There have been three baronetcies created for persons with the surname Dixon, all in the Baronetage of the United Kingdom.

The Dixon Baronetcy, of Ballymenock in the County of Antrim, was created in the Baronetage of the United Kingdom on 7 October 1903. For more information on this creation, see the Baron Glentoran.

The Dixon Baronetcy, of Warford in the County of Chester, was created in the Baronetage of the United Kingdom on 7 February 1918 for the cotton spinner Alfred Dixon. The title became extinct on his death in 1921.

The Dixon Baronetcy, of Astle in Chelford in the County Palatine of Chester, was created in the Baronetage of the United Kingdom on 15 May 1919 for George Dixon. He was high sheriff of Cheshire in 1881.
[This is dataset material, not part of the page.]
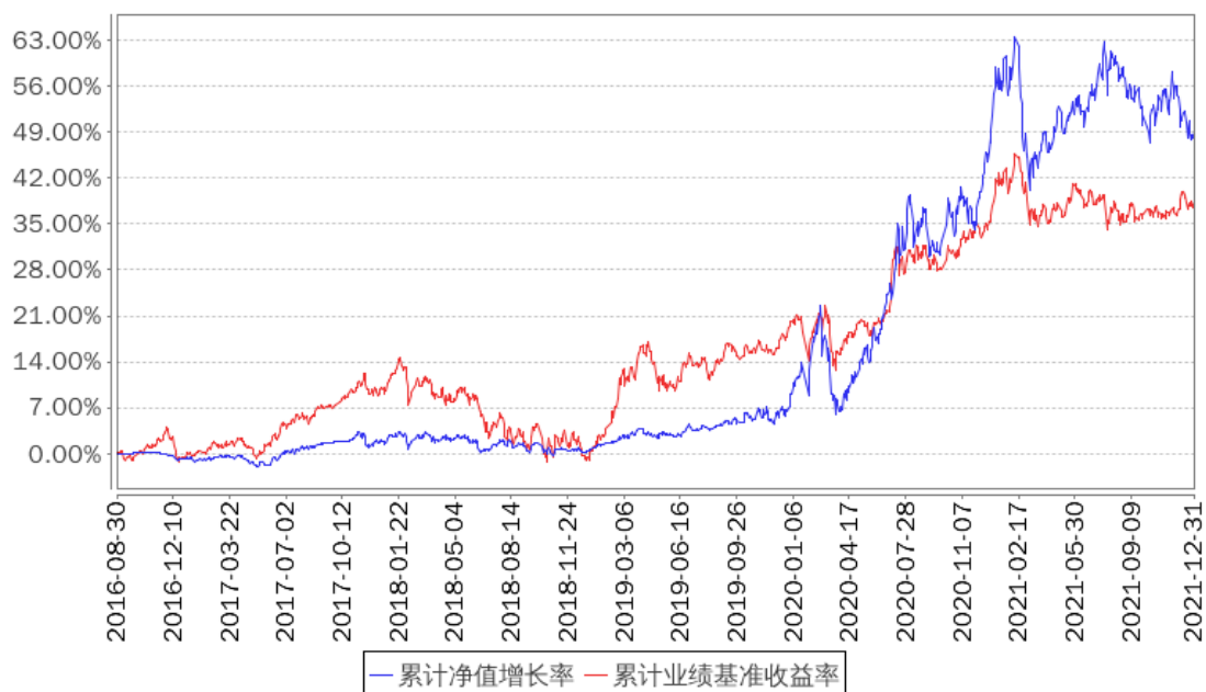
招商睿祥定开混合累计净值增长率与同期业绩比较基准收益率的历史走势对比图

==Dixon baronets, of Ballymenock (1903)==
- see the Barons Glentoran

==Dixon baronets, of Warford (1918)==
- Sir Alfred Herbert Dixon, 1st Baronet (1857–1920) Survived by his daughter, Marjorie and widow, Caroline (Lady Dixon)
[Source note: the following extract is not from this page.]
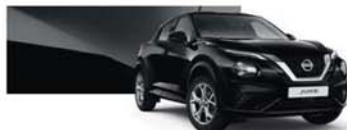
Noir Métallisé (M) - Z11
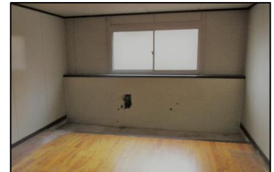
洋式トイレが設置される現在の体育館の用具室

==Dixon baronets, of Astle (1919)==
- Sir George Dixon, 1st Baronet (1842–1924)
- Sir John Dixon, 2nd Baronet (1886–1976)
- Sir John George Dixon, 3rd Baronet (1911–1990)
- Sir Jonathan Mark Dixon, 4th Baronet (born 1949)

The heir apparent to the baronetcy is Mark Edward Dixon (b. 1982), eldest son of the 4th Baronet.